» **What the task asks**: Repeat every line of the data exactly; the pictures stay out.

» **Data below**:

=== Begin Enclosure ===

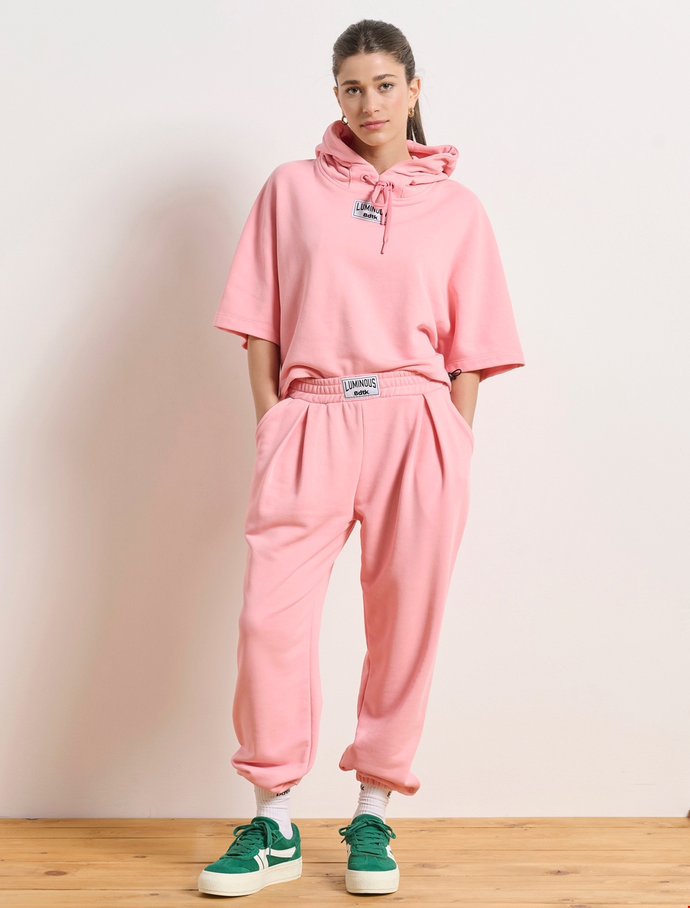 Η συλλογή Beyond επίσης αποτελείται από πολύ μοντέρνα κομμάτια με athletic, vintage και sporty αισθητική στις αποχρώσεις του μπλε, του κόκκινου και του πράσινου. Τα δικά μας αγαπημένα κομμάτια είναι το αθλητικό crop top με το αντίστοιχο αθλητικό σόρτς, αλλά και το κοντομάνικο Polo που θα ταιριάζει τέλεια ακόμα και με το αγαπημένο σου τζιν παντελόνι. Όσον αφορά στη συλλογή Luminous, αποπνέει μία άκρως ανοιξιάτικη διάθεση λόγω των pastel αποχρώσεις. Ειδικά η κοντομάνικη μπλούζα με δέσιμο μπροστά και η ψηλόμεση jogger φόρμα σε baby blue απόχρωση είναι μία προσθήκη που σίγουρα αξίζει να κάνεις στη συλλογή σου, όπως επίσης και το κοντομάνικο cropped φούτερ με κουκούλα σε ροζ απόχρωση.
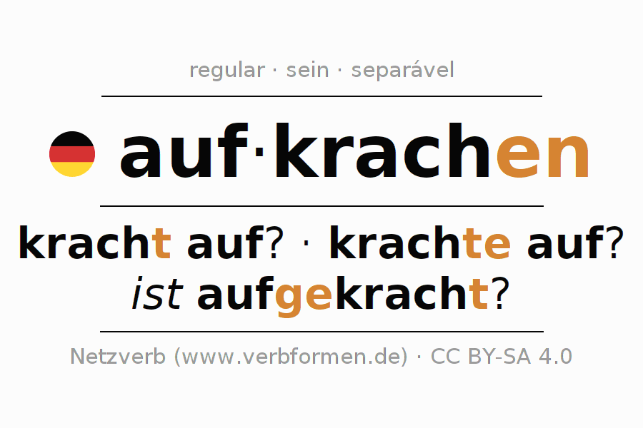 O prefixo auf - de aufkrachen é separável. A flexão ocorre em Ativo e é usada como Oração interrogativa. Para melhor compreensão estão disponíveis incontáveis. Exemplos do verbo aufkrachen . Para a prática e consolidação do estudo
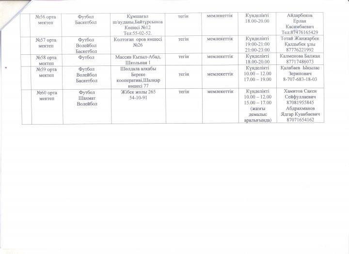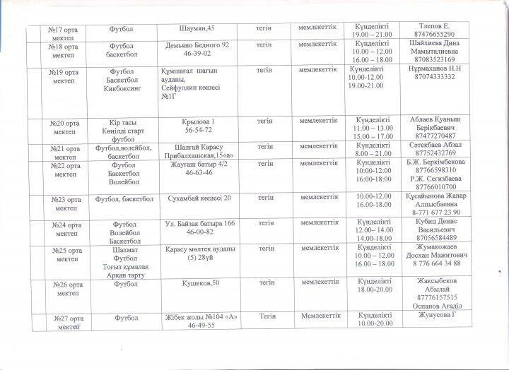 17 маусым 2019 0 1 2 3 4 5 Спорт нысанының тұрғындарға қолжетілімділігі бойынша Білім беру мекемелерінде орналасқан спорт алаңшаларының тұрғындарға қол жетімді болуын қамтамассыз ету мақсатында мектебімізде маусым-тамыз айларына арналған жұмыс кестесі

=== End Enclosure ===

» **Solved exercise**:
 Η συλλογή Beyond επίσης αποτελείται από πολύ μοντέρνα κομμάτια με athletic, vintage και sporty αισθητική στις αποχρώσεις του μπλε, του κόκκινου και του πράσινου. Τα δικά μας αγαπημένα κομμάτια είναι το αθλητικό crop top με το αντίστοιχο αθλητικό σόρτς, αλλά και το κοντομάνικο Polo που θα ταιριάζει τέλεια ακόμα και με το αγαπημένο σου τζιν παντελόνι. Όσον αφορά στη συλλογή Luminous, αποπνέει μία άκρως ανοιξιάτικη διάθεση λόγω των pastel αποχρώσεις. Ειδικά η κοντομάνικη μπλούζα με δέσιμο μπροστά και η ψηλόμεση jogger φόρμα σε baby blue απόχρωση είναι μία προσθήκη που σίγουρα αξίζει να κάνεις στη συλλογή σου, όπως επίσης και το κοντομάνικο cropped φούτερ με κουκούλα σε ροζ απόχρωση.
 O prefixo auf - de aufkrachen é separável. A flexão ocorre em Ativo e é usada como Oração interrogativa. Para melhor compreensão estão disponíveis incontáveis. Exemplos do verbo aufkrachen . Para a prática e consolidação do estudo
 17 маусым 2019 0 1 2 3 4 5 Спорт нысанының тұрғындарға қолжетілімділігі бойынша Білім беру мекемелерінде орналасқан спорт алаңшаларының тұрғындарға қол жетімді болуын қамтамассыз ету мақсатында мектебімізде маусым-тамыз айларына арналған жұмыс кестесі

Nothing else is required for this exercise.